Os valores aprovados neste semestre atenderam diferentes setores, como infraestrutura (R$ 5,9 bilhões), comércio e serviços (R$ 2,1 bilhões), indústria (R$ 1,7 bilhão) e agropecuária (R$ 1,1 bilhão). Do total das aprovações, R$ 5,2 bilhões foram para micro, pequenas e médias empresas, ante R$ 2,3 bilhões no período anterior, acréscimo de 127%. O volume de desembolso chegou a R$ 9 bilhões, ante R$ 6,3 bilhões no mesmo período de 2025.
Para a região, as aprovações desde 2023 chegaram a R$ 64,4 bilhões, valor 76,5% superior ao registrado entre 2019 e o 1º semestre de 2022 (R$ 36,5 bilhões).
Nacional
O BNDES registrou lucro recorrente de R$ 9,2 bilhões no primeiro semestre de 2026, alta de 25% em relação ao mesmo período de 2025. No acumulado de 12 meses, o lucro recorrente chegou a R$ 17,1 bilhões, recorde histórico da instituição.
Os resultados financeiros, divulgados nesta quarta-feira (12), também revelaram que o BNDES atingiu pela primeira vez na história ativos totais de R$ 1,05 trilhão, além do recorde histórico de R$ 181 bilhões no Patrimônio Líquido, reflexo da sustentabilidade e da solidez do Banco.
O desempenho operacional da instituição também segue com resultados robustos, com valores de consultas, aprovações e desembolsos superando as marcas dos últimos anos.
O total de aprovações de crédito e operações garantidas aumentou 19% ante primeiro semestre de 2025, com injeção de crédito de R$ 154 bilhões, sendo R$ 43,4 bilhões em garantias.
As aprovações de crédito somaram R$ 110,6 bilhões, aumento de 52% ante 1º semestre de 2025. Os maiores crescimentos foram observados no crédito à infraestrutura (+ 91%) e agropecuária (+ 46%), somando R$ 46 bilhões e R$ 24,8 bilhões, respectivamente. Os créditos ao comércio e serviços somaram R$ 17,3 bilhões (+ 27%) e à indústria R$ 22,5 bilhões (+ 24%).
O apoio às MPMEs alcançou R$ 108,2 bilhões nos primeiros seis meses deste ano, maior valor da história para o período, com alta de 22% sobre 2025 (R$ 88,8 bilhões).
As garantias prestadas por fundos garantidores em operações realizadas por agentes financeiros alcançaram R$ 43,4 bilhões, enquanto as aprovações de crédito somaram R$ 64,8 bilhões.

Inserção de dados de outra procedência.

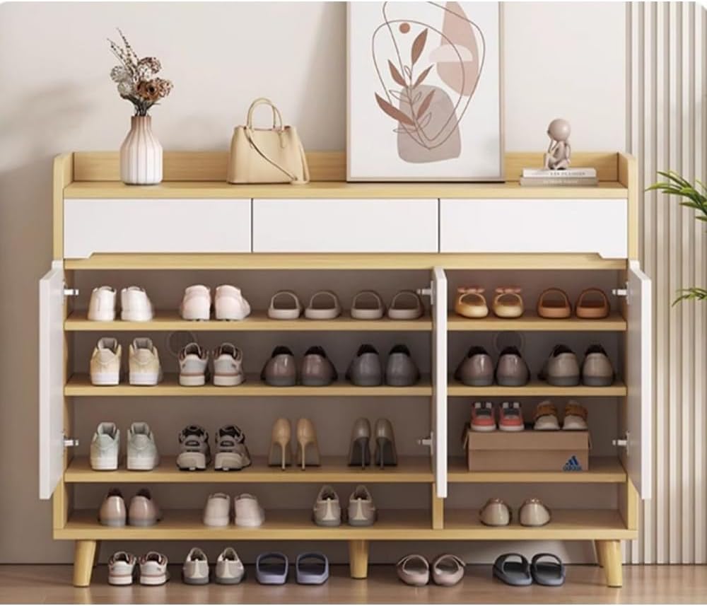 ✦✦Specifications ✦Information Category: Shoe Storage Cabinet Usage: Living Room, Bedroom, Entryway, Hotel, Hallway...... Style: Modern / Creative / Simple ✦Dimensions Shoe Organizer: 39.4"L x 12.6"W x 39.4"H ✦What's Included Number of Items Included: 1 Piece Assembly Tool: Yes Instruction Manual: Yes ✦Material and Colour Material: Wood(Pine) Color: Brown/ White ✦Features Outdoor Use: No Drawers Included: Drawers Included Number of Drawers: 3 Closed Back: Closed Back Adjustable Shelves: Adjustable Shelves Included: Shelves Included Installation Type: Free Standing Welcome to visit our store and buy our special designed and good quality products. If you have any questions about our products and service, please feel free to contact and we will always be here to assist.
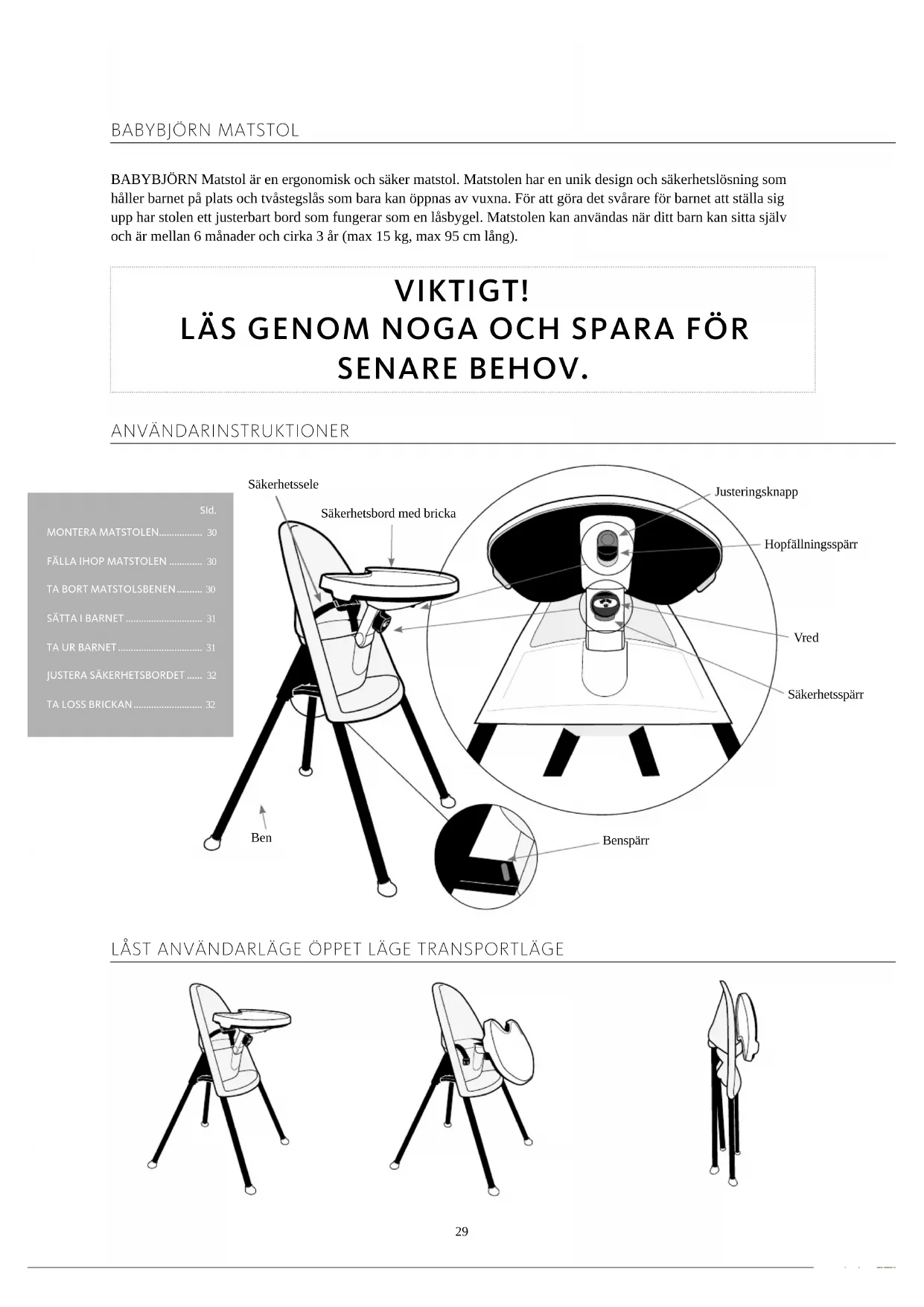 ANVÄNDARINSTRUKTIONER LÅST ANVÄNDARLÄGE ÖPPET LÄGE TRANSPORTLÄGE BABYBJÖRN Matstol är en ergonomisk och säker matstol. Matstolen har en unik design och säkerhetslösning som håller barnet på plats och tvåstegslås som bara kan öppnas av vuxna. För att göra det svårare för barnet att ställa sig upp har stolen ett justerbart bord som fungerar som en låsbygel. Matstolen kan användas när ditt barn kan sitta själv och är mellan 6 månader och cirka 3 år (max 15 kg, max 95 cm lång). VIKTIGT! LÄS GENOM NOGA OCH SPARA FÖR SENARE BEHOV. Säkerhetsbord med bricka Justeringsknapp Hopfällningsspärr Vred Benspärr Ben Säkerhetsspärr MONTERA MATSTOLEN................. 30

O volume dos desembolsos do BNDES alcançou R$ 74,8 bilhões no semestre, aumento de 37% em relação ao mesmo período de 2025, garantindo a continuidade do crescimento da carteira expandida. As consultas aumentaram 72% em relação ao primeiro semestre de 2025, totalizando R$ 237,7 bilhões.
A inadimplência da instituição, de 0,05% (90 dias), permanece expressivamente inferior à do Sistema Financeiro Nacional (4,68% geral e 0,66% para grandes empresas em junho de 2026).